HOW TO COMPLETE THIS TASK => The response consists of the lines from the start of the material below through the line holding "2、进入登录界面输入手机号和验证码。", repeated word for word and without pictures.

--

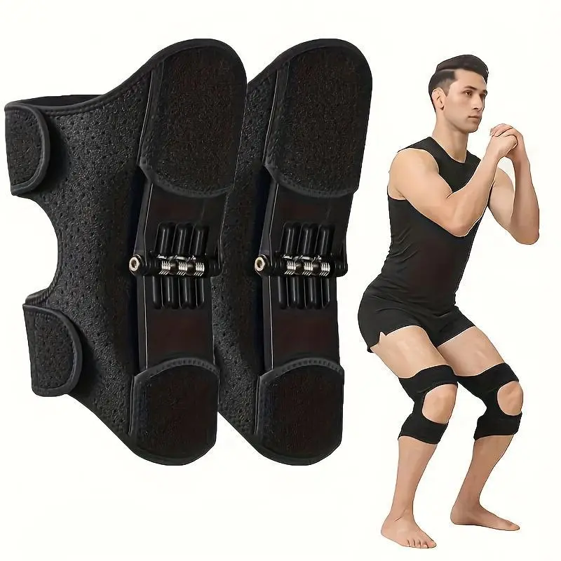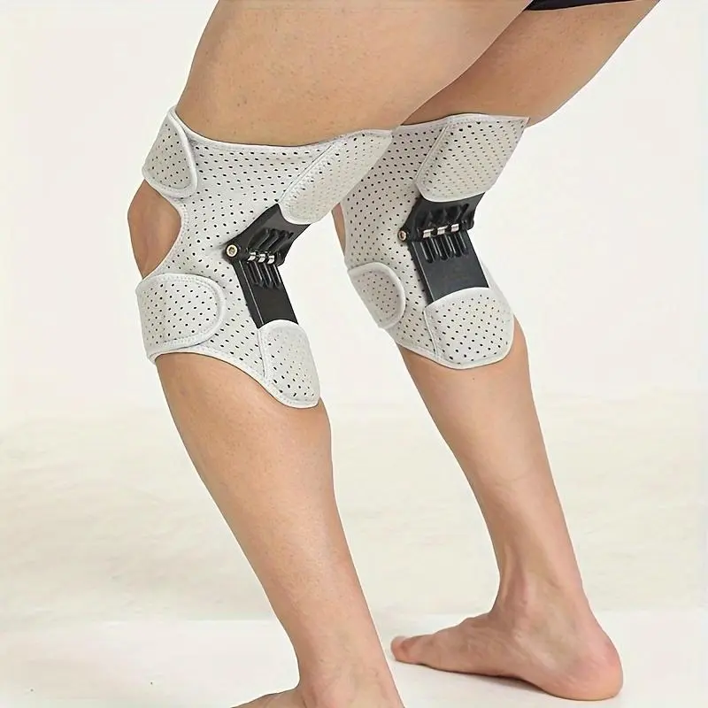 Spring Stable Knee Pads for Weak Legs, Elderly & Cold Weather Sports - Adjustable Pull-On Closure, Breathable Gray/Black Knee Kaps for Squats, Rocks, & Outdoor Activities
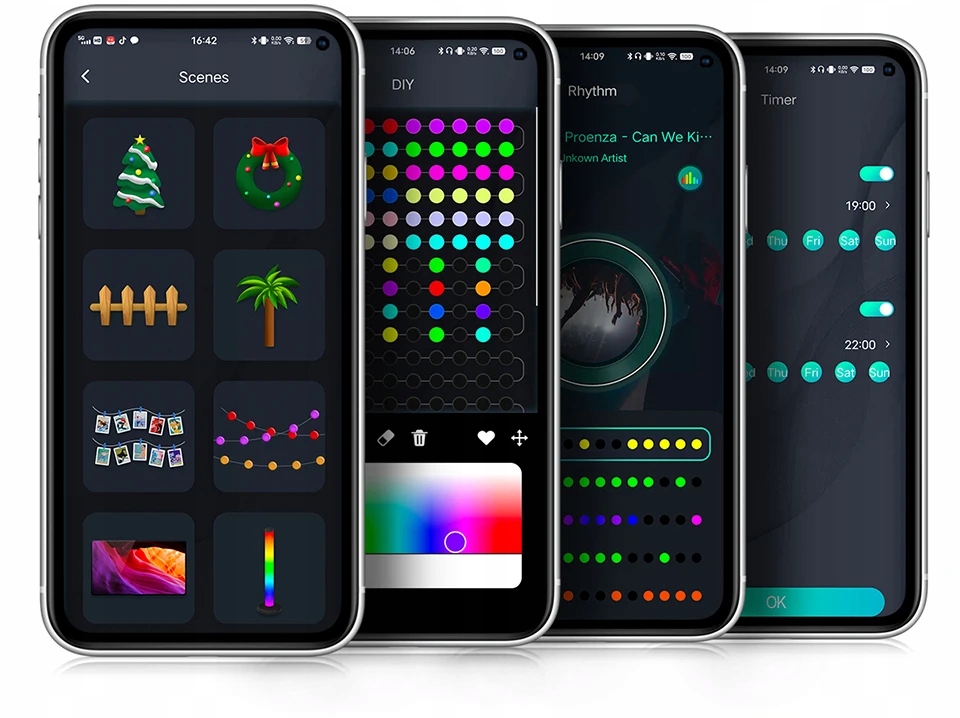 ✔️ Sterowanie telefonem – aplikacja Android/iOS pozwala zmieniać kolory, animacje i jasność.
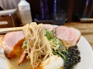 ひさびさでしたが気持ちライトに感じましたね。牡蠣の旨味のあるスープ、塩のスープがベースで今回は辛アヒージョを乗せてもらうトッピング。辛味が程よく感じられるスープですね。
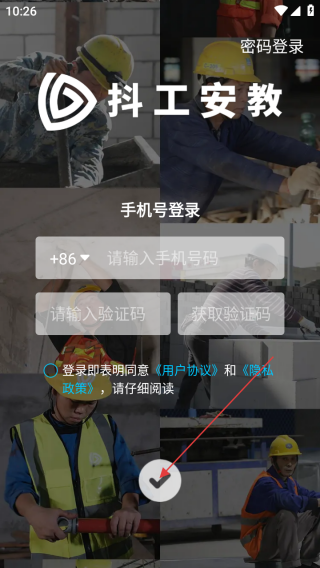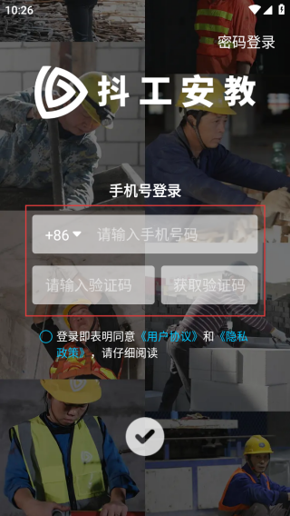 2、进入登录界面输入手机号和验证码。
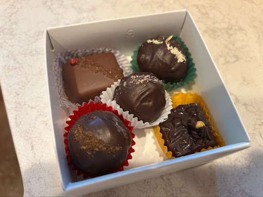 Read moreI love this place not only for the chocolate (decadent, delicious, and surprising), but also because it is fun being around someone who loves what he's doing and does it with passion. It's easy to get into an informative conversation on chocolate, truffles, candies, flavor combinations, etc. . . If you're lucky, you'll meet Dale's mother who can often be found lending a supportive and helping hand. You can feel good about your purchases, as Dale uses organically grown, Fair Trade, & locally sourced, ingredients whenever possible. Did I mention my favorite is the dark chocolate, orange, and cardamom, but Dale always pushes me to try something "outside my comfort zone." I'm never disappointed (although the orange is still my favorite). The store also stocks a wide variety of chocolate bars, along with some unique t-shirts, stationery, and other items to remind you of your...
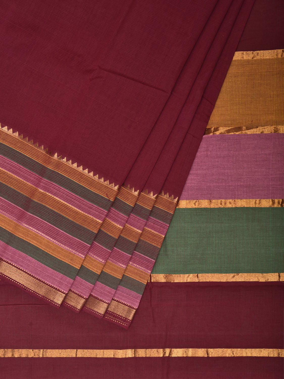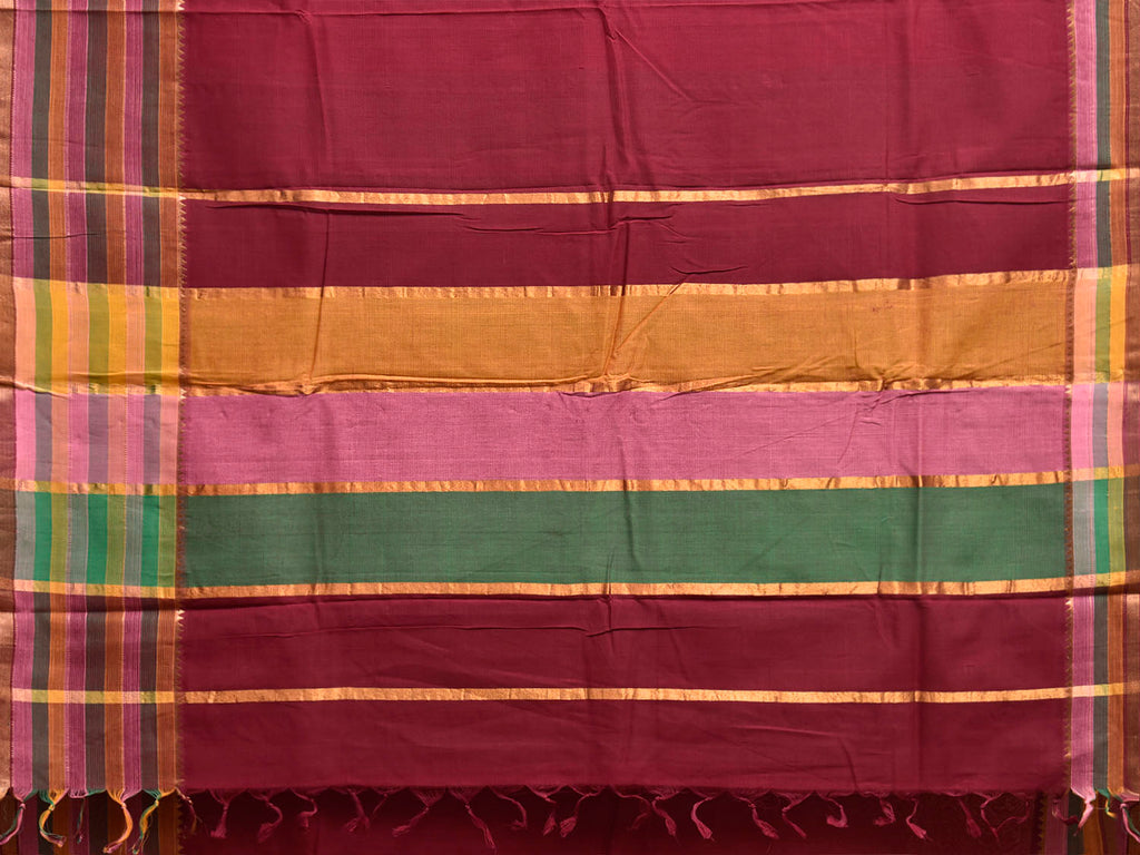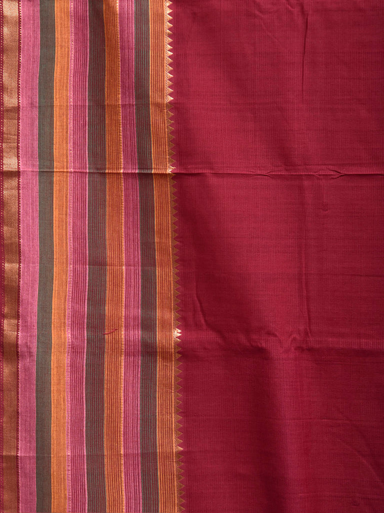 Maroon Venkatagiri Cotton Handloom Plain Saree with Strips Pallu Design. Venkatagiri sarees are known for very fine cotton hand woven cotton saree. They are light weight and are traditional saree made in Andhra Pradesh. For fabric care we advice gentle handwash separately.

--

EXERCISE RESPONSE =>
 Spring Stable Knee Pads for Weak Legs, Elderly & Cold Weather Sports - Adjustable Pull-On Closure, Breathable Gray/Black Knee Kaps for Squats, Rocks, & Outdoor Activities
 ✔️ Sterowanie telefonem – aplikacja Android/iOS pozwala zmieniać kolory, animacje i jasność.
 ひさびさでしたが気持ちライトに感じましたね。牡蠣の旨味のあるスープ、塩のスープがベースで今回は辛アヒージョを乗せてもらうトッピング。辛味が程よく感じられるスープですね。
 2、进入登录界面输入手机号和验证码。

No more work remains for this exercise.